Le retour du «je» de Claude Péloquin

Claude Péloquin reprend dans «Une plongée dans mon essentiel» un texte paru en 1985 chez Guernica. Les Éditions Varia ont cru bon rééditer l'ouvrage et d'y ajouter quelques inédits. Péloquin tentait dans ce récit autobiographique de cerner ce qui le faisait courir un peu partout en ameutant les foules. Il livrait son art poétique ou sa vision de l'écriture.
Péloquin a choisi un cheminement proche de celui de Kérouac ou de Burroughs. Ces excessifs cherchaient la «sagesse» en se livrant à tous les excès et à tous les dérèglements. Péloquin a bu, couru, baisé tout ce qui portait jupon. Du moins c'est ce qu'il affirme avec une insistance un peu suspecte. Mégalomane, provocateur, ridicule ou flirtant avec la sainteté, il tire sur tout ce qui bouge, gifle et harangue ses contemporains.
Kérouac transformé en loque humaine à peine capable de balbutier devant les caméras décédait très jeune. Serge Gainsbourg a donné aussi cette représentation lamentable dans les dernières années de sa vie. Péloquin a eu la sagesse de se retirer à Eleuthera, une île des Bahamas, pour se refaire une santé. Parce que, peu importe les facéties du «pourfendeur de la mort», la vie demeure fragile et tributaire du temps. On n'abuse pas d'elle sans en payer le prix.
Son écriture témoigne aussi de ces excès parce que Péloquin emprunte toutes les directions, donne un texte qui tient à la fois de la réflexion philosophique, de l'autobiographie, du témoignage, du questionnement ontologique et de la méditation mystique. Pourtant la réflexion tourne souvent aux formules, aux bravades et aux images qui sonnent comme des slogans publicitaires. Jouant les grands initiés, il effleure la réflexion et n'affronte jamais la pensée.

Angoisse

Péloquin livre surtout son angoisse de vivant confronté à la mort. Il y a bien ici et là des éclats qui vous arrêtent mais peut-il en être autrement quand on écrit comme un Rambo qui fonce dans un centre commercial en visant tout ce qui bouge.
«Au Canada français depuis 1963- on a tenté de saboter mon oeuvre en disant que j'étais farfelu / fou / drogué et anti-national.
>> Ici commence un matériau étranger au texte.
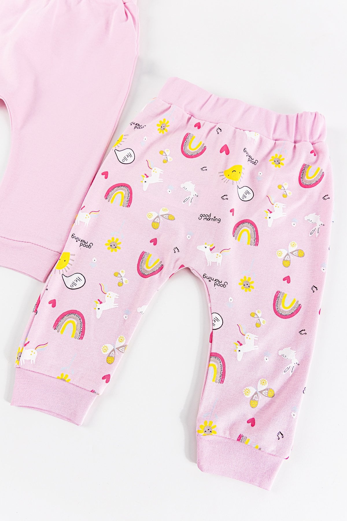 Gökkuşağı Desenli 2'li Kız Bebek Tek Alt Pantolon Takım
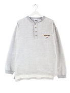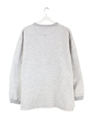 Grauer Vintage Sweater mit gesticktem Logo in Größe L. Er ist aus einer Baumwollmischung angefertigt und in sehr gutem Zustand zu haben.

J'ai donc conclu que j'étais effectivement international et visionnaire. Quelques rares esprits ont cependant vu clair - je les en remercie. C'est cette belle certitude que nous nous en allons tous allègrement dans la tombe qui m'a fait consacrer toute ma vie à ouvrir le possible par l'écriture.» (p.69)
Ces textes révèlent surtout un ego démesuré. Le «je» de Péloquin, capable d'avaler la terre, hante toutes les phrases et n'arrête jamais de chanter sa propre gloire. Passons sur les outrances, le sexisme et les mastications mystiques; oublions ce ton suffisant et prétentieux. Péloquin restera un provocateur qui a su particulièrement bien utiliser les médias. Ses textes touffus, bâclés, deviennent vite redondants. Et même s'il a cru bon s'entourer de commentateurs qui font sa louange, «l'essentiel» de Péloquin demeure un texte mineur après quinze ans.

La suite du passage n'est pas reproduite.